→ **WHAT YOU SHOULD DO**:
The task calls for the lines below from the line with "I was happy" to the line with "练美娜《水榭幽趣》 国画山水  248cm*129cm", both ends included, copied exactly, without any pictures.

—————

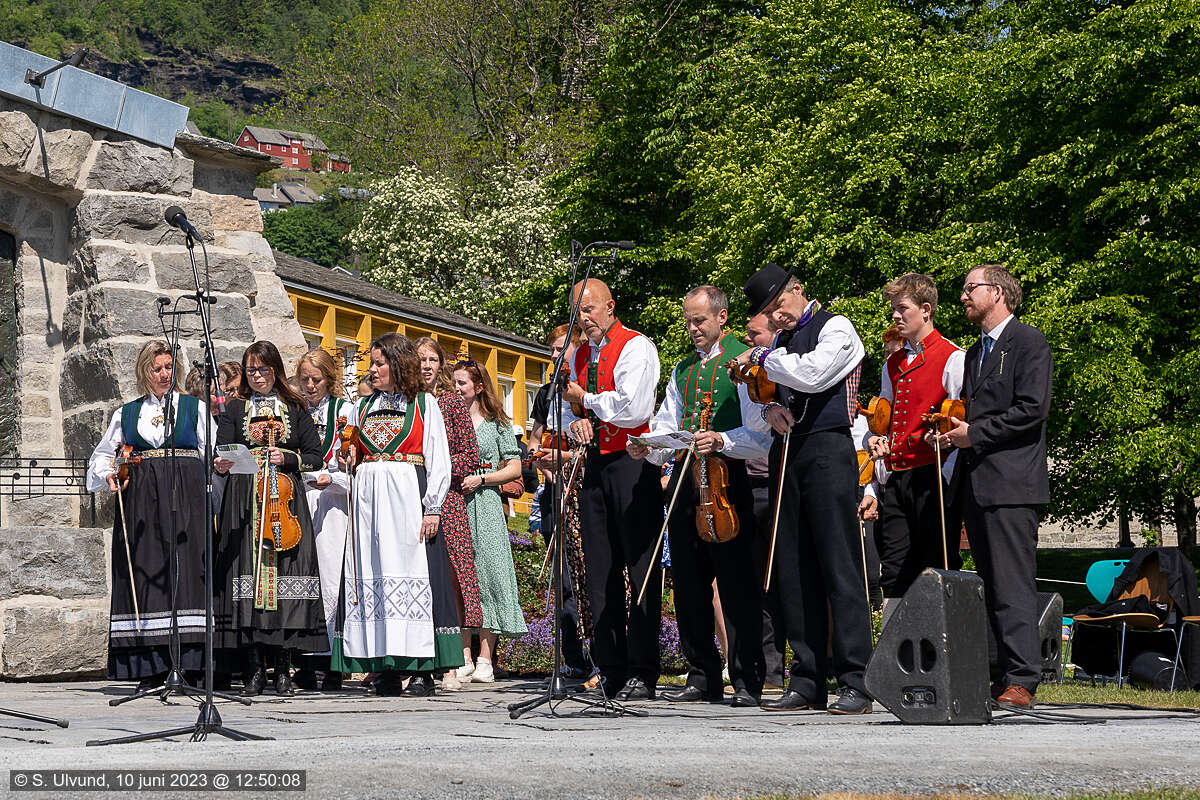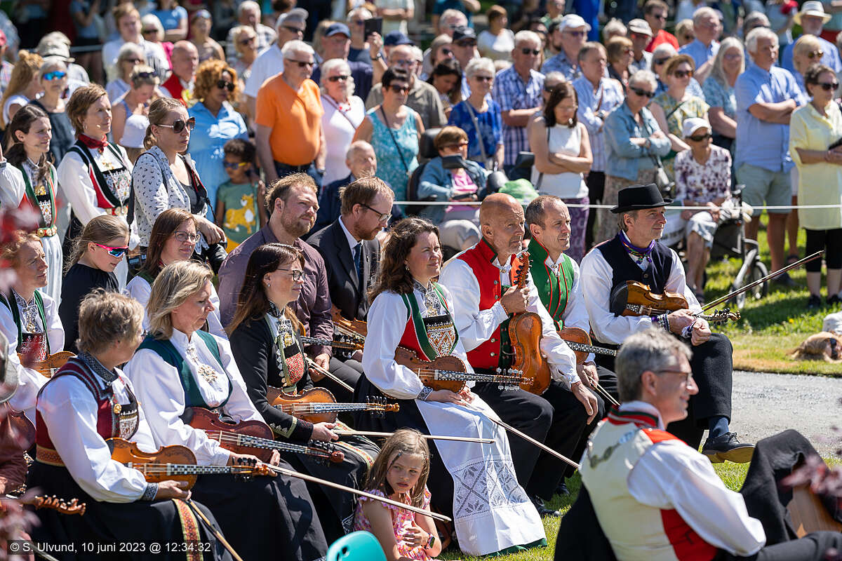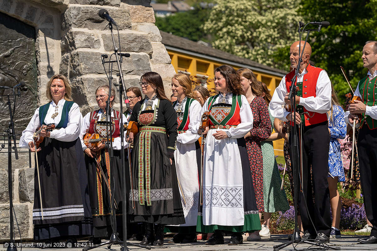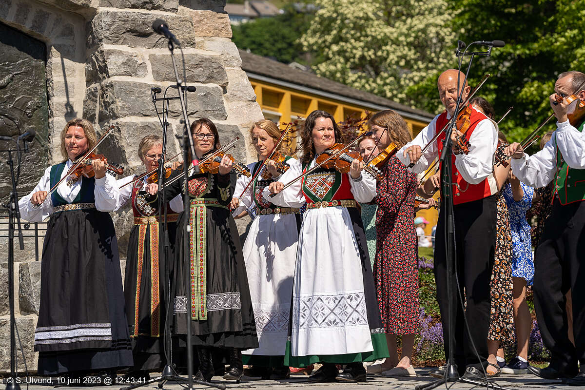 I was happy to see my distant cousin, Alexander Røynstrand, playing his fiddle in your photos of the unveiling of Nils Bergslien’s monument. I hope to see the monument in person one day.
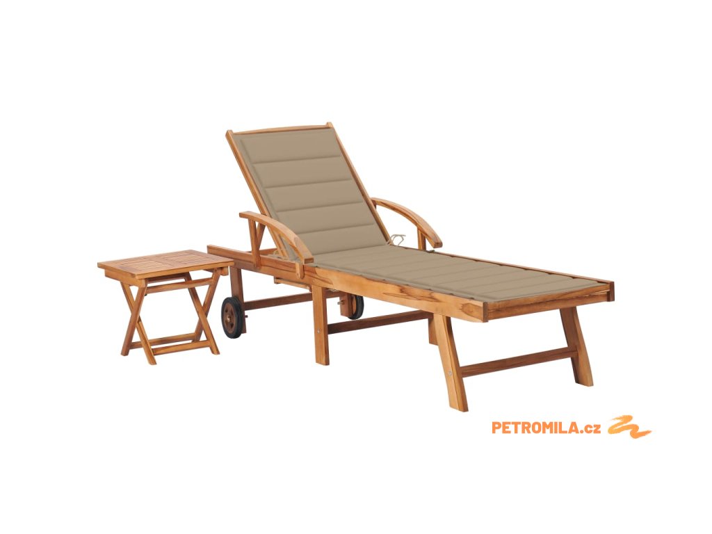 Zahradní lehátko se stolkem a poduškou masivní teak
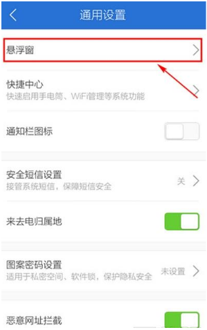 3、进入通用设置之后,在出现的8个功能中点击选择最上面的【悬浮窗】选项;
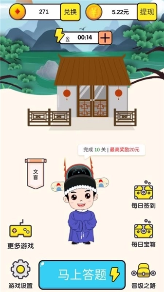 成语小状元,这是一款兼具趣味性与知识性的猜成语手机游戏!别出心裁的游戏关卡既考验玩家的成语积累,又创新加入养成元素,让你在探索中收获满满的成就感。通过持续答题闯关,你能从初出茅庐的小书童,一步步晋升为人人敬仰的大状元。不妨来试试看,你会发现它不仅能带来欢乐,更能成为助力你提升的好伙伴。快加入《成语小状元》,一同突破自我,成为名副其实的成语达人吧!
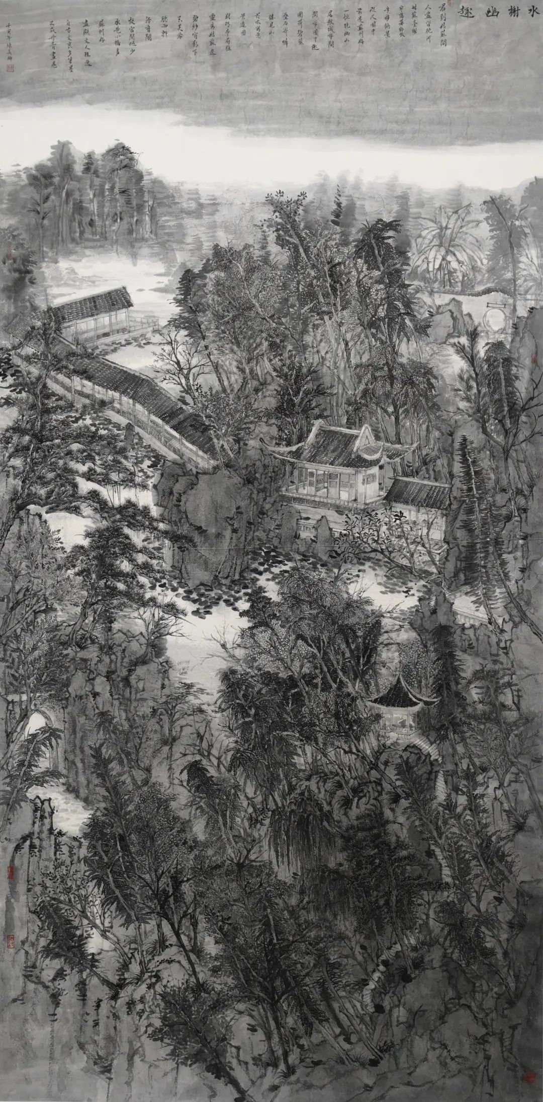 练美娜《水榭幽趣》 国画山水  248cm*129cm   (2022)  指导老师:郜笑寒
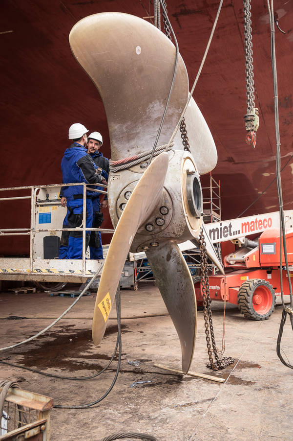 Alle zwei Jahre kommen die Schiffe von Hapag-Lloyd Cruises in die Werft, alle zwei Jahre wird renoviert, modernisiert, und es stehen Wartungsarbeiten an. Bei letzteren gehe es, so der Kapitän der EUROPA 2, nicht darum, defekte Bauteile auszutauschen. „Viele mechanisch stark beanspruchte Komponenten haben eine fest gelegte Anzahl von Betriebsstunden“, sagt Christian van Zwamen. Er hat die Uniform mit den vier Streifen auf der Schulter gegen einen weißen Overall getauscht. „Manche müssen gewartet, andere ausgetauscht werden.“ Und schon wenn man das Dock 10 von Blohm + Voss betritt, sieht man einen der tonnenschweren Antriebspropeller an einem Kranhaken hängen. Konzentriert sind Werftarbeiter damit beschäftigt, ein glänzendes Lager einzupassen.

—————

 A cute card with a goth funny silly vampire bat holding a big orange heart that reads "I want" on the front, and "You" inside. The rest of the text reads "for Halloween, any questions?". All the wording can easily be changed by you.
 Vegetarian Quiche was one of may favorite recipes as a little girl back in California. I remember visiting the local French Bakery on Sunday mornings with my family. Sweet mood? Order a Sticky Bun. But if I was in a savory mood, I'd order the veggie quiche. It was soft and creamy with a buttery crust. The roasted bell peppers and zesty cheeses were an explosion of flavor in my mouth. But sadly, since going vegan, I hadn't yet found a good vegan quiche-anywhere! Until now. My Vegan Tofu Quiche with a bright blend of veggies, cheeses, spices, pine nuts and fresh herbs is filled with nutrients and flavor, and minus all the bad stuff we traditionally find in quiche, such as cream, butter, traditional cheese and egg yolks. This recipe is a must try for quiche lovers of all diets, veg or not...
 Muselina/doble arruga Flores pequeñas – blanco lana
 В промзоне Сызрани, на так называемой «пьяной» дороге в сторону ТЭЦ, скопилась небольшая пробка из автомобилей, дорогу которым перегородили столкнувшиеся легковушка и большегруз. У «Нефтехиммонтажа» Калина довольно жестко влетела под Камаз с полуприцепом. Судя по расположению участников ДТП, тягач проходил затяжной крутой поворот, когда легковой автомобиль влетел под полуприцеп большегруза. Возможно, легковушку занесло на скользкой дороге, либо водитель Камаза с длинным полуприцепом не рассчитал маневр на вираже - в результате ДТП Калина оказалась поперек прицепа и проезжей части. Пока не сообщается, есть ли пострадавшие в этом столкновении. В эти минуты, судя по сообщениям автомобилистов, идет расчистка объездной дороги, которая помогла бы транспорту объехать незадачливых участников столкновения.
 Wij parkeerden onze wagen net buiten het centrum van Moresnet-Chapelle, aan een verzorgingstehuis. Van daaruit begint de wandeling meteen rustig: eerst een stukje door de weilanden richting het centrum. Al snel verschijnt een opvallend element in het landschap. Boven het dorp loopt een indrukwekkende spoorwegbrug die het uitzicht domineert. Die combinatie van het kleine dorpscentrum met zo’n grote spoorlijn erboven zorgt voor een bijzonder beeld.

—————

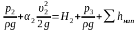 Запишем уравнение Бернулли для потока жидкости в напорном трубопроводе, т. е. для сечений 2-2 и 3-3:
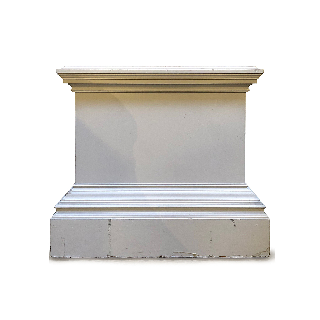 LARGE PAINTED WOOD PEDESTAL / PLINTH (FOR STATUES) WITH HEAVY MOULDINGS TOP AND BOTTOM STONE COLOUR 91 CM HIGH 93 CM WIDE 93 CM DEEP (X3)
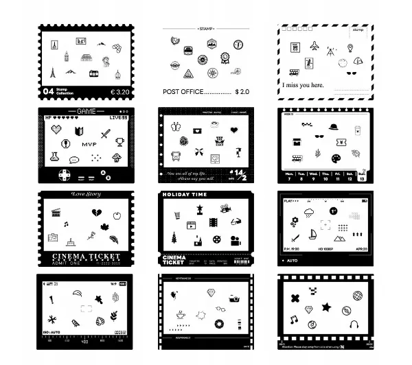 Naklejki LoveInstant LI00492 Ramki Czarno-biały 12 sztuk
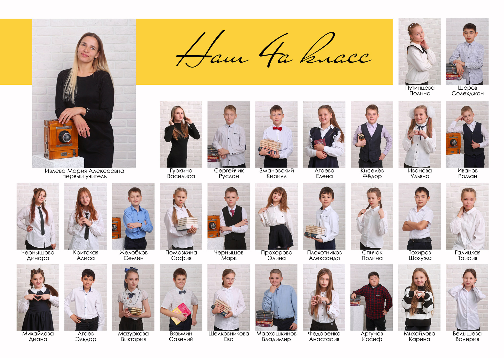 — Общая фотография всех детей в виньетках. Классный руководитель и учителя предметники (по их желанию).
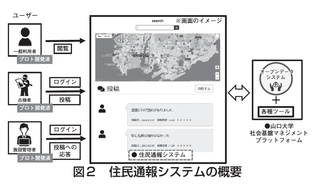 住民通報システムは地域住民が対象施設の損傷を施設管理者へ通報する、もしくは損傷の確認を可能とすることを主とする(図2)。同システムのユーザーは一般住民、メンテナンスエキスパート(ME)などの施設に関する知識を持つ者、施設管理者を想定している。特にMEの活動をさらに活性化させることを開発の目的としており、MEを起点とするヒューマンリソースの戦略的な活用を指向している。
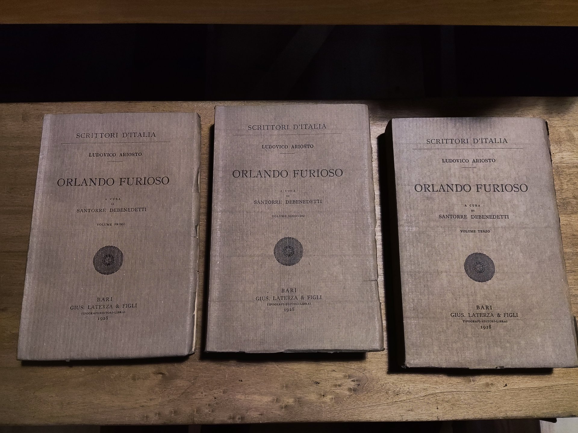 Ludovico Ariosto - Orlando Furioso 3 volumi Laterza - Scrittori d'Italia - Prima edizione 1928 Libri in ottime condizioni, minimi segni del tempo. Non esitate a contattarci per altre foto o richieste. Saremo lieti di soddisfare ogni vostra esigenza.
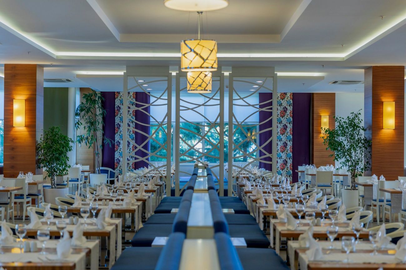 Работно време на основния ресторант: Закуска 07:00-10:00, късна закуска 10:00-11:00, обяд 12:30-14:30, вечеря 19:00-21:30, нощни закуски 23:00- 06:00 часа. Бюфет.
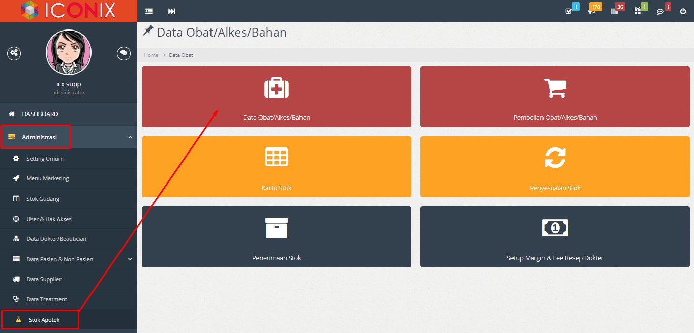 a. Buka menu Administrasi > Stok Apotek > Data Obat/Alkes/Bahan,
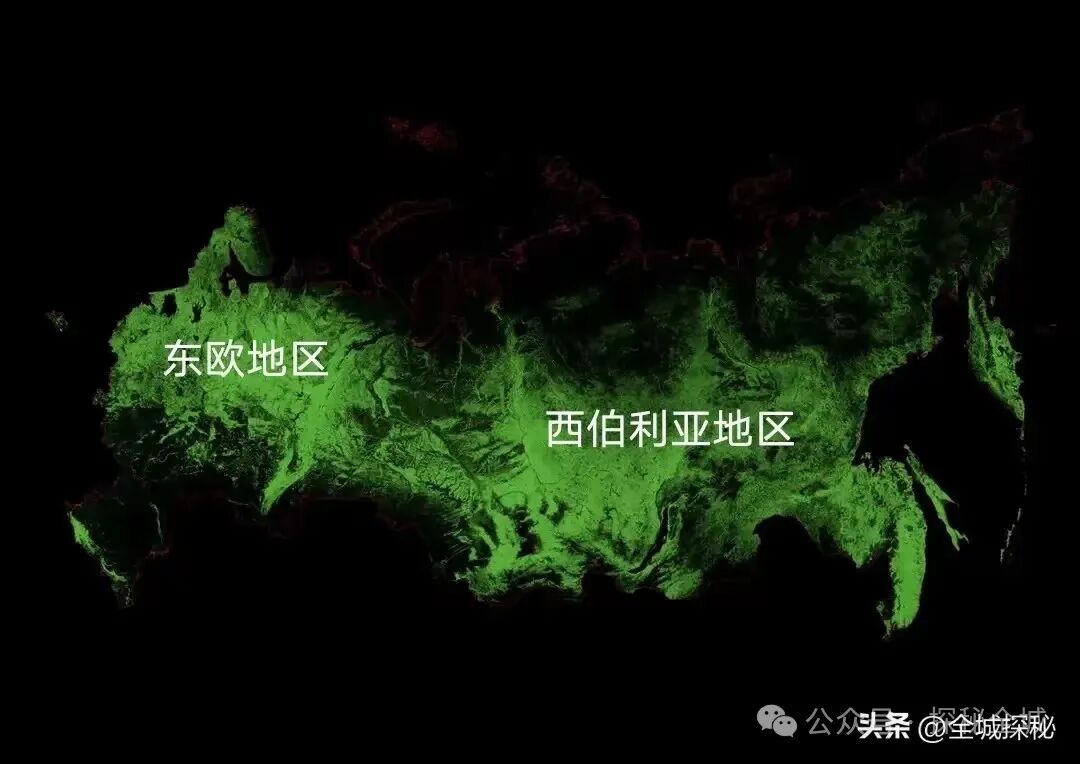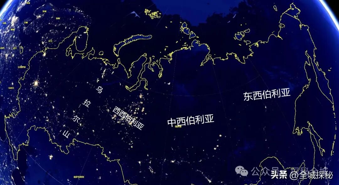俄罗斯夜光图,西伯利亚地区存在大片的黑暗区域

—————

→ **ANSWER TO THE EXERCISE**:
 I was happy to see my distant cousin, Alexander Røynstrand, playing his fiddle in your photos of the unveiling of Nils Bergslien’s monument. I hope to see the monument in person one day.
 Zahradní lehátko se stolkem a poduškou masivní teak
 3、进入通用设置之后,在出现的8个功能中点击选择最上面的【悬浮窗】选项;
 成语小状元,这是一款兼具趣味性与知识性的猜成语手机游戏!别出心裁的游戏关卡既考验玩家的成语积累,又创新加入养成元素,让你在探索中收获满满的成就感。通过持续答题闯关,你能从初出茅庐的小书童,一步步晋升为人人敬仰的大状元。不妨来试试看,你会发现它不仅能带来欢乐,更能成为助力你提升的好伙伴。快加入《成语小状元》,一同突破自我,成为名副其实的成语达人吧!
 练美娜《水榭幽趣》 国画山水  248cm*129cm   (2022)  指导老师:郜笑寒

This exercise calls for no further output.